● **TASK DESCRIPTION**
Leave out every picture, and restate word for word only the lines from the one containing "Idag har vi" through the end of the material.

● **INPUT DATA**
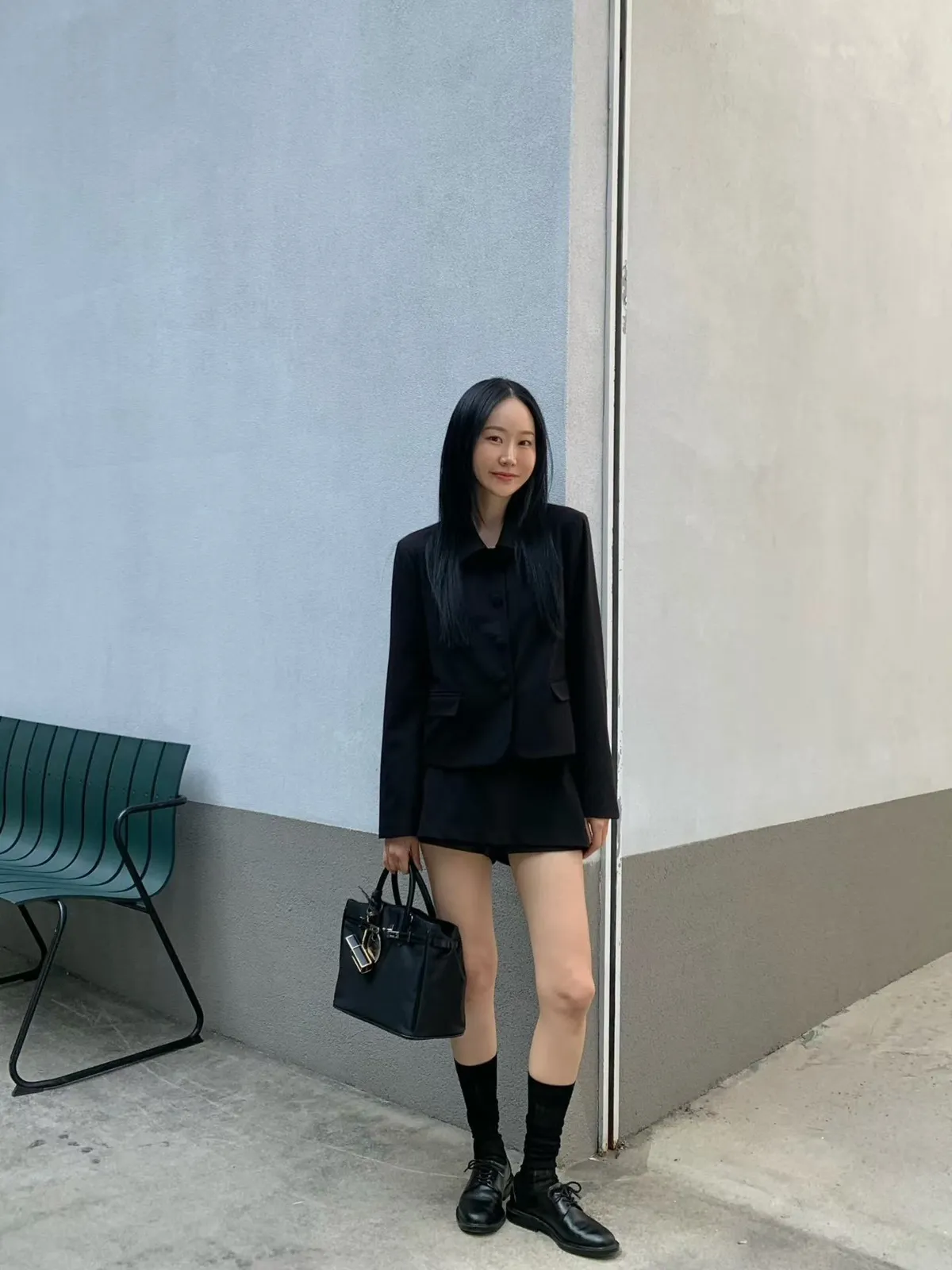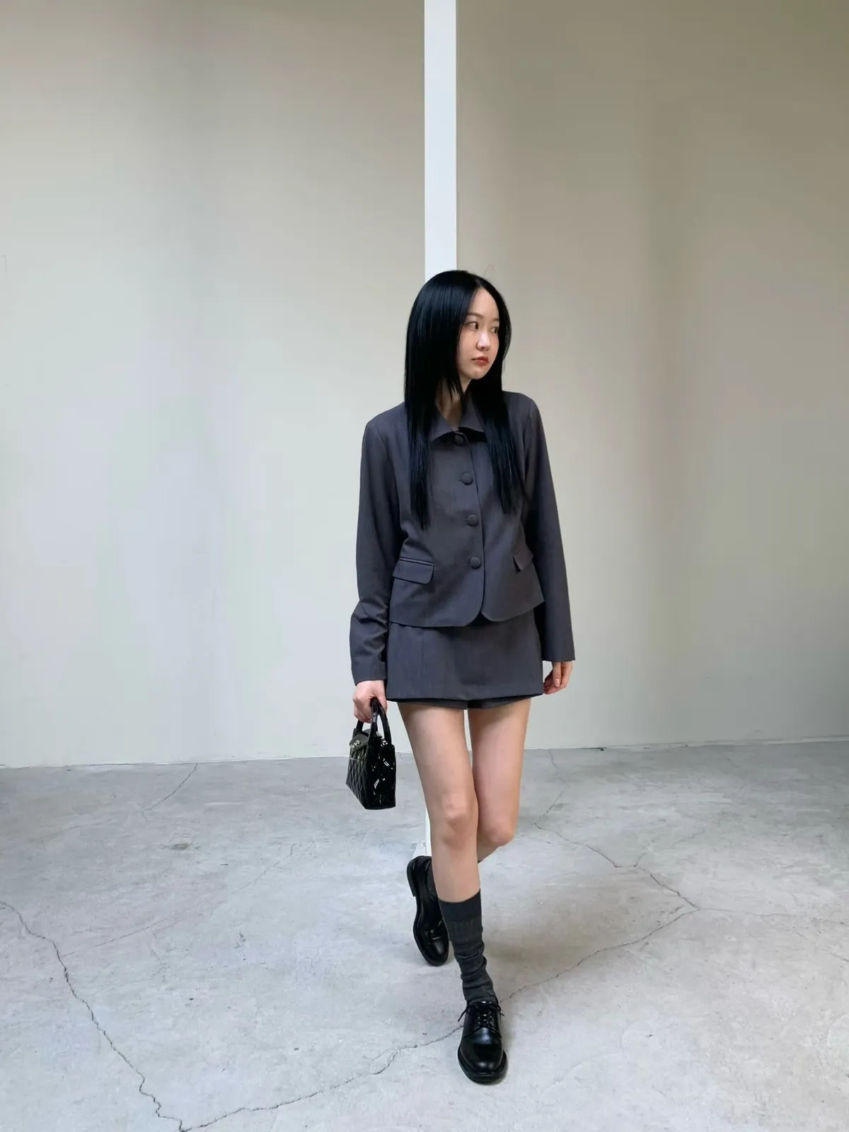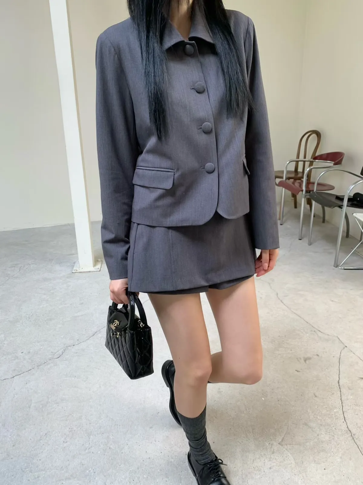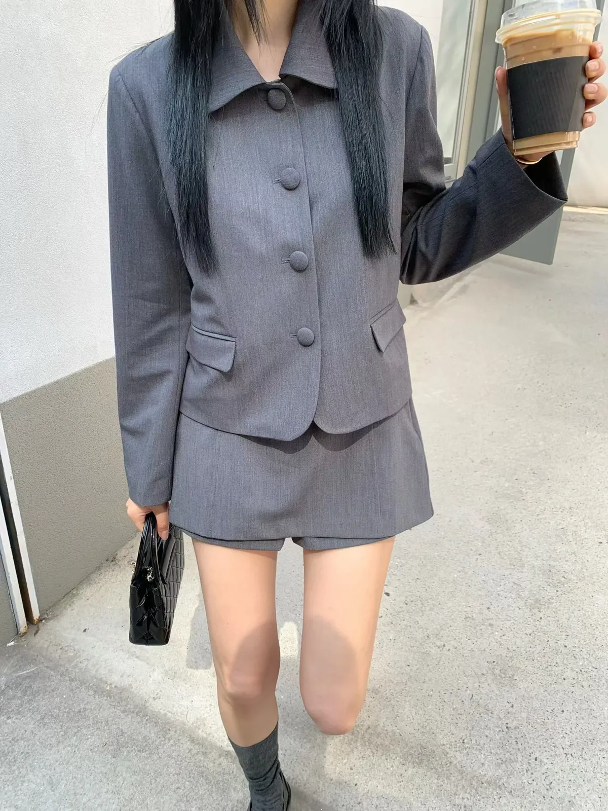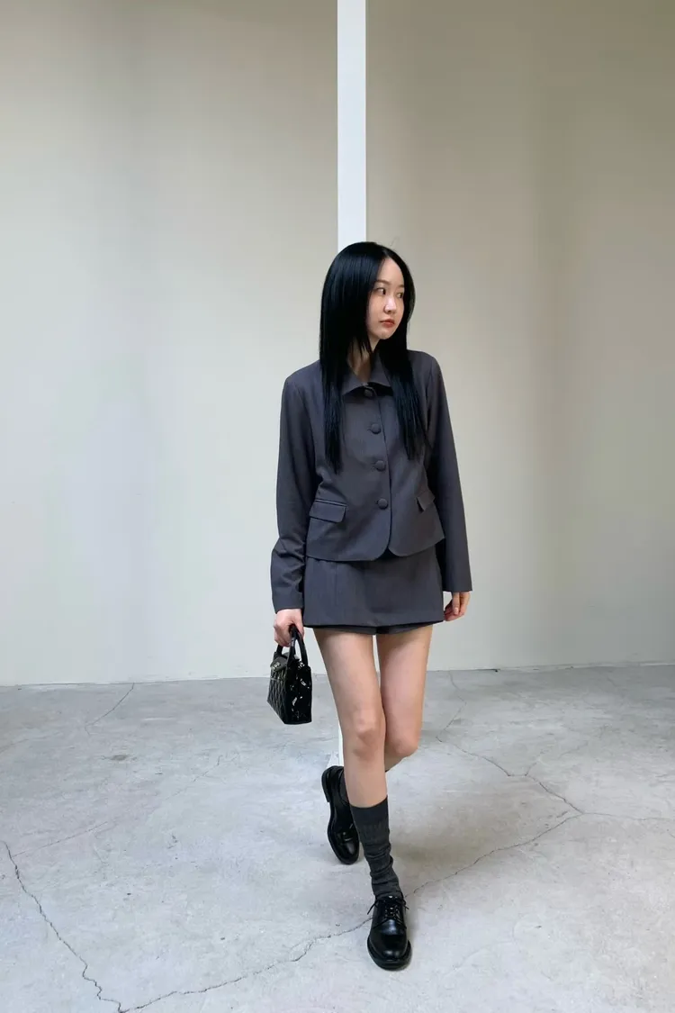 拼接圓領西裝外套短褲裙套裝
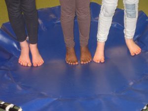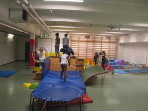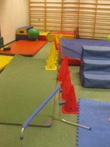 Idag har vi varit i motionshallen i källaren. Full fart med kojor, fotboll, hinderbana och datten.
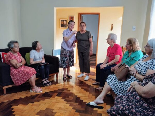 Depois da acolhida e momentos de prosa livre, Irmã Iracema Zóboli apresentou os novos membros da comunidade FMA: Irmã Ercilde Moratelli e Irmã Maria Plebani, que foram transferidas para Bagé neste ano e já estão atuando na missão daquela comunidade inserida.

● **TASK OUTPUT**
 Idag har vi varit i motionshallen i källaren. Full fart med kojor, fotboll, hinderbana och datten.
 Depois da acolhida e momentos de prosa livre, Irmã Iracema Zóboli apresentou os novos membros da comunidade FMA: Irmã Ercilde Moratelli e Irmã Maria Plebani, que foram transferidas para Bagé neste ano e já estão atuando na missão daquela comunidade inserida.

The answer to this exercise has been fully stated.